→ **Stored dataset items**:
※ ※ ※

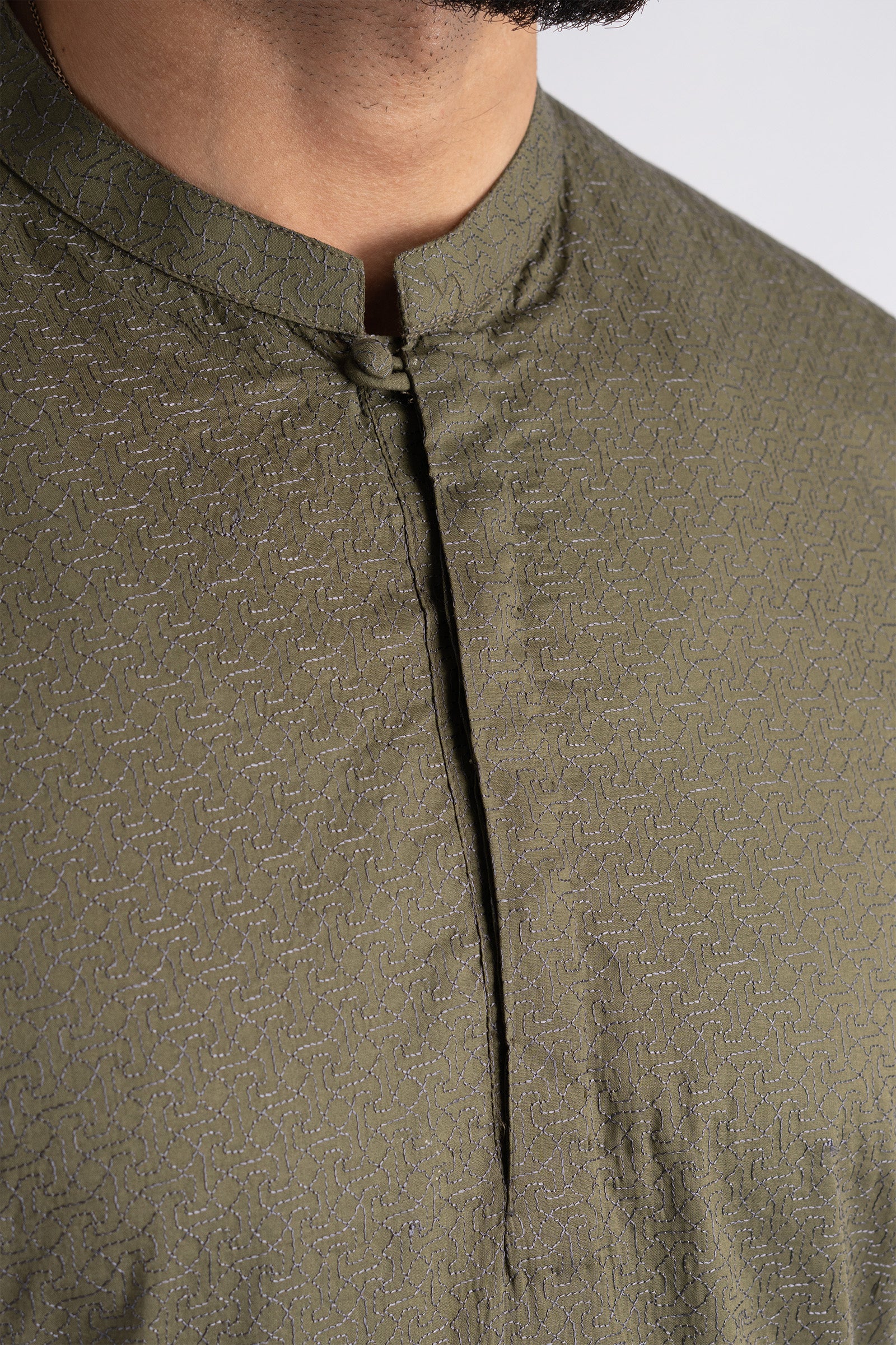 classic Kurta silhouette, cut from the finest Cotton; Fully embroidered with signature patterns and designs. A versatile piece which is a style-statement in its own right.
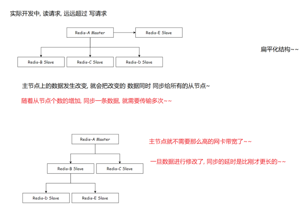 正常来说,这个延时是比较短的.但是如果是多级从节点的树形结构~~如果这里从节点的级别很多~~(有很多层),延时也就会上升
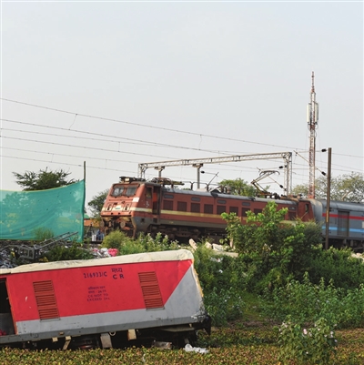 图为6月5日,在印度东部奥迪沙邦巴拉索尔地区,一列火车驶过列车相撞事故路段。
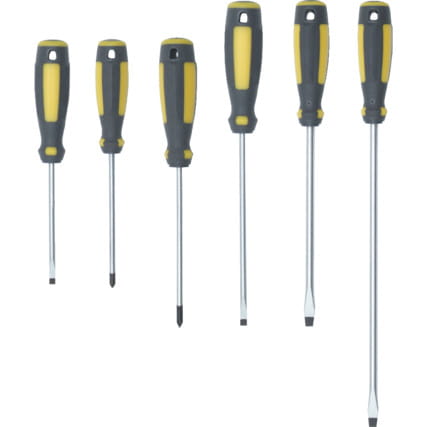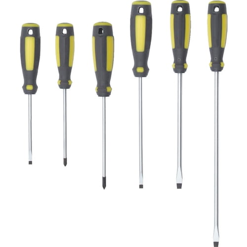 Ergonomicznie zaprojektowane rączki z podwójnego materiału i trzech części dla ulepszonego momentu obrotowego i zredukowania zmęczenia materiału. Chromo - wanadowe ostrza z magnetycznymi końcówkami i otworem w rączce do wieszania.
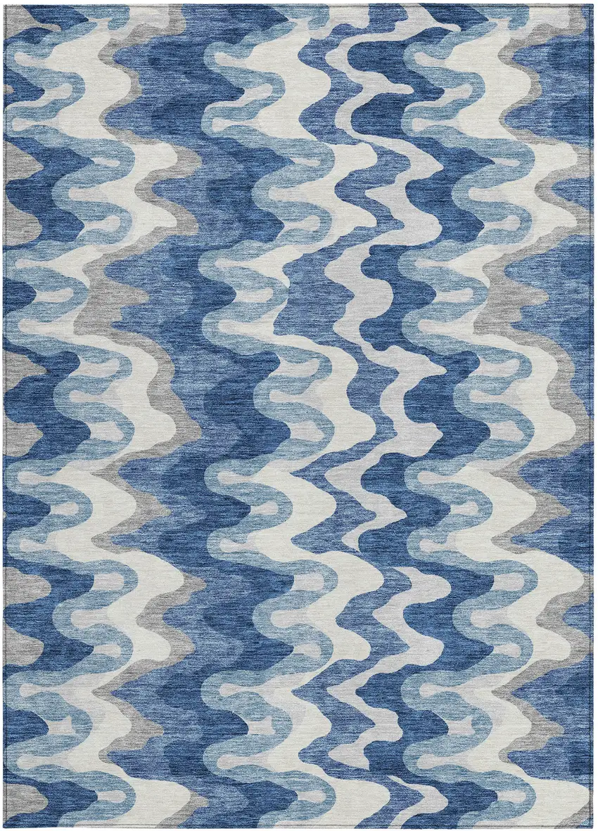 Navy Blue And Sky Blue Abstract Washable Indoor Outdoor Area Rug
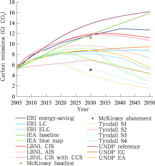 The comparative scenarios show even larger differences. Every scenario shows an emission peak except the UNDP EC scenario and ERI LC scenario. An emission peak is mostly found in 2030, as shown in the ERI ELC scenario, LBNL AIS, CIS with CCS, Tyndall S2 and S4, and UNDP EA scenario, with corresponding peak emission of 8.2 Gt, 9.7 Gt, 11.7 Gt, 7.0 Gt, 9.3 Gt, and 8.8 Gt CO2 . The Tyndall S1 and S3, and IEA blue map scenario set strict global emission reduction targets, so their trajectories show an emission peak in 2020, being 6.3 Gt, 8.8 Gt, and 8.4 Gt CO2 , respectively. McKinsey’s baseline emission in 2030 is similar to the IEA baseline scenario and ERI energy-saving scenario. As the McKinsey abatement scenario captures maximum technical reduction potential, it derives much lower carbon emission than what other scenarios predict, except the Tyndall S1.
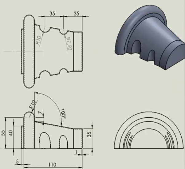 윗면에서 원형으로 굴곡진 부분을 스케치 작업을 한다.
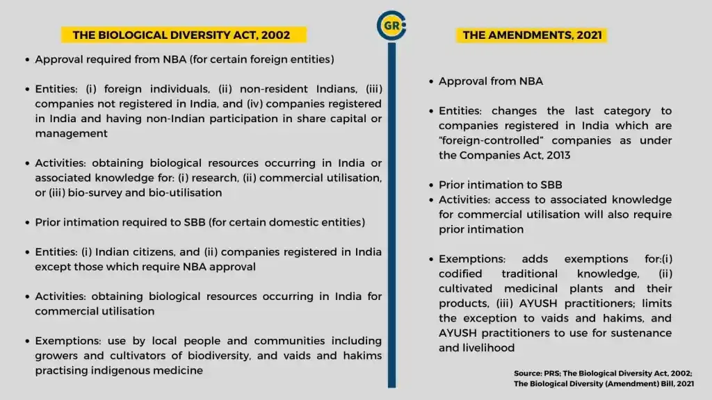 The Biological Diversity (Amendment) Bill, 2021 has faced criticism for prioritizing intellectual property and trade over conservation. Some experts have expressed concern that exemptions granted to AYUSH professionals from reporting to state biodiversity boards could lead to “biopiracy”, which involves the exploitation of naturally occurring genetic or biochemical material in commerce.
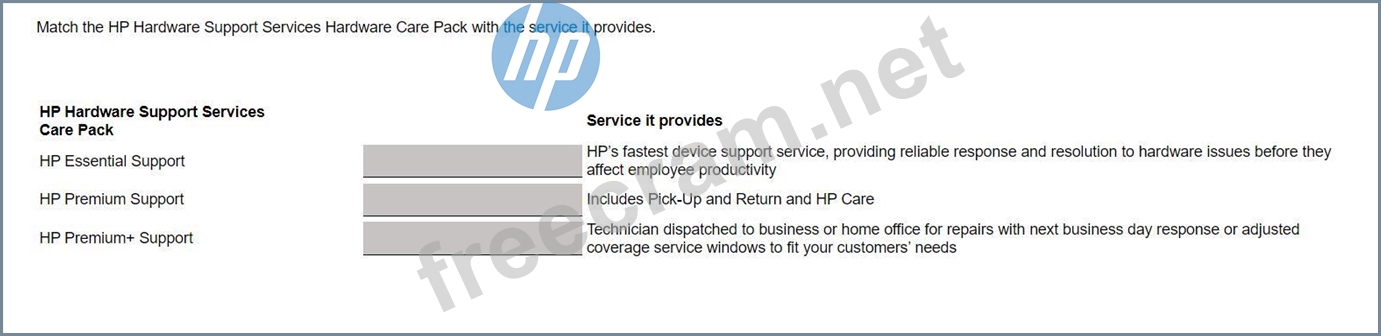 Explanation: A close-up of a list of text Description automatically generated Here is the correct matching of theHP Hardware Support Services Care Packwith the service it provides: * HP Essential SupportService it provides: Includes Pick-Up and Return and HP Care * HP Premium SupportService it provides: Technician dispatched to business or home office for repairs with next business day response or adjusted coverage service windows to fit your customers' needs * HP Premium+ SupportService it provides: HP's fastest device support service, providing reliable response and resolution to hardware issues before they affect employee productivity These support levels offer different tiers of service to meet various customer needs, ranging from basic hardware support to premium services with faster response times and comprehensive coverage

※ ※ ※

→ **AIM OF THE TASK**:
Each entry above is to be given again exactly, and any image in it is to be dropped.

→ **RESULT OF THIS EXERCISE**:
 classic Kurta silhouette, cut from the finest Cotton; Fully embroidered with signature patterns and designs. A versatile piece which is a style-statement in its own right.
 正常来说,这个延时是比较短的.但是如果是多级从节点的树形结构~~如果这里从节点的级别很多~~(有很多层),延时也就会上升
 图为6月5日,在印度东部奥迪沙邦巴拉索尔地区,一列火车驶过列车相撞事故路段。
 Ergonomicznie zaprojektowane rączki z podwójnego materiału i trzech części dla ulepszonego momentu obrotowego i zredukowania zmęczenia materiału. Chromo - wanadowe ostrza z magnetycznymi końcówkami i otworem w rączce do wieszania.
 Navy Blue And Sky Blue Abstract Washable Indoor Outdoor Area Rug
 The comparative scenarios show even larger differences. Every scenario shows an emission peak except the UNDP EC scenario and ERI LC scenario. An emission peak is mostly found in 2030, as shown in the ERI ELC scenario, LBNL AIS, CIS with CCS, Tyndall S2 and S4, and UNDP EA scenario, with corresponding peak emission of 8.2 Gt, 9.7 Gt, 11.7 Gt, 7.0 Gt, 9.3 Gt, and 8.8 Gt CO2 . The Tyndall S1 and S3, and IEA blue map scenario set strict global emission reduction targets, so their trajectories show an emission peak in 2020, being 6.3 Gt, 8.8 Gt, and 8.4 Gt CO2 , respectively. McKinsey’s baseline emission in 2030 is similar to the IEA baseline scenario and ERI energy-saving scenario. As the McKinsey abatement scenario captures maximum technical reduction potential, it derives much lower carbon emission than what other scenarios predict, except the Tyndall S1.
 윗면에서 원형으로 굴곡진 부분을 스케치 작업을 한다.
 The Biological Diversity (Amendment) Bill, 2021 has faced criticism for prioritizing intellectual property and trade over conservation. Some experts have expressed concern that exemptions granted to AYUSH professionals from reporting to state biodiversity boards could lead to “biopiracy”, which involves the exploitation of naturally occurring genetic or biochemical material in commerce.
 Explanation: A close-up of a list of text Description automatically generated Here is the correct matching of theHP Hardware Support Services Care Packwith the service it provides: * HP Essential SupportService it provides: Includes Pick-Up and Return and HP Care * HP Premium SupportService it provides: Technician dispatched to business or home office for repairs with next business day response or adjusted coverage service windows to fit your customers' needs * HP Premium+ SupportService it provides: HP's fastest device support service, providing reliable response and resolution to hardware issues before they affect employee productivity These support levels offer different tiers of service to meet various customer needs, ranging from basic hardware support to premium services with faster response times and comprehensive coverage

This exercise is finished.